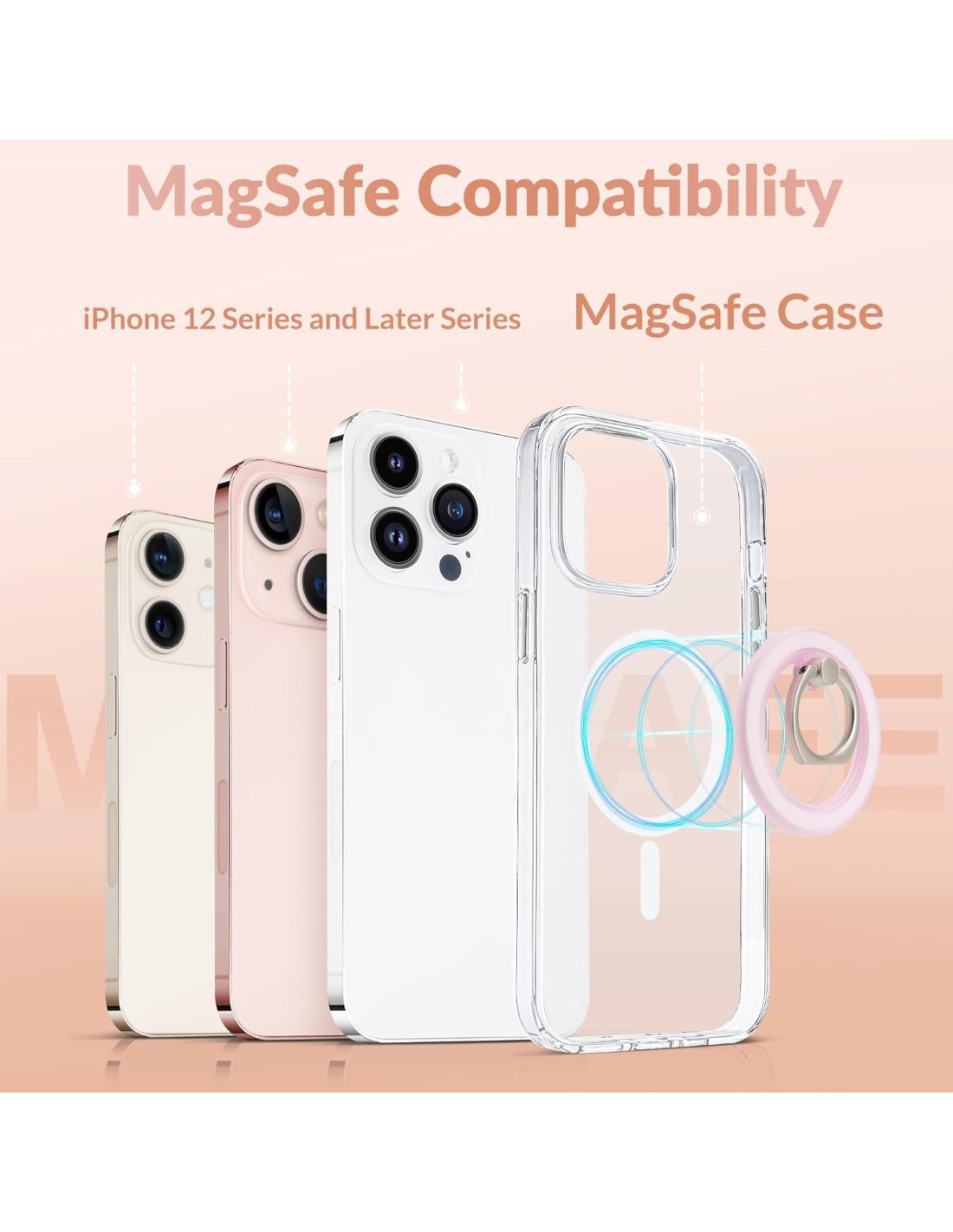 - Compatible con accesorios de carga inalámbrica MagSafe, simplemente desliza el soporte magnético para teléfono para cargar tu teléfono de forma inalámbrica (cuando lo desees)
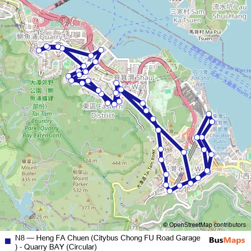 Click here to view the nearest N8 - Heng FA Chuen (Citybus Chong FU Road Garage) - Quarry BAY (Circular) bus stop.
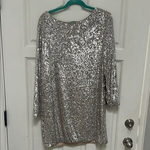 Shine in this elegant silver sequin dress, perfect for any special occasion. Worn twice and in amazing shape. Absolutely no snags or tears on any of the sequences.
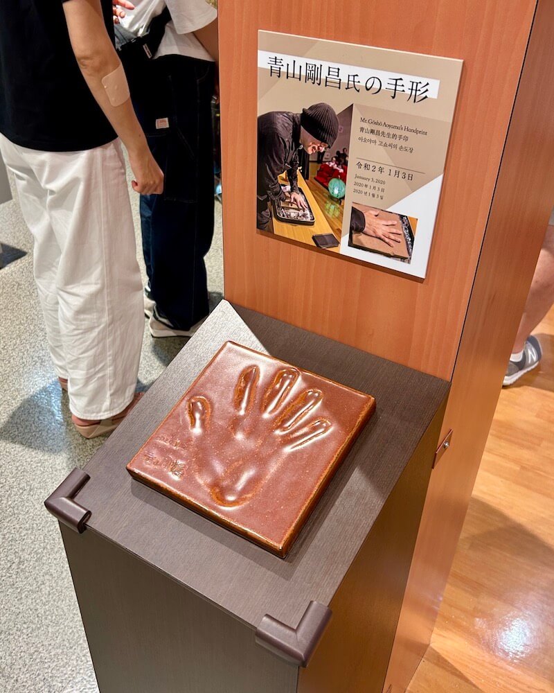 ふるさと館の壁にあった青山先生のおめでとうコメントとイラストが15周年のものに変わっていました。

========================================================================

• Directions
The answer must consist solely of the lines from the line containing "Click here to" to the end of the data, reproduced exactly, with every picture left out.

• Result
 Click here to view the nearest N8 - Heng FA Chuen (Citybus Chong FU Road Garage) - Quarry BAY (Circular) bus stop.
 Shine in this elegant silver sequin dress, perfect for any special occasion. Worn twice and in amazing shape. Absolutely no snags or tears on any of the sequences.
 ふるさと館の壁にあった青山先生のおめでとうコメントとイラストが15周年のものに変わっていました。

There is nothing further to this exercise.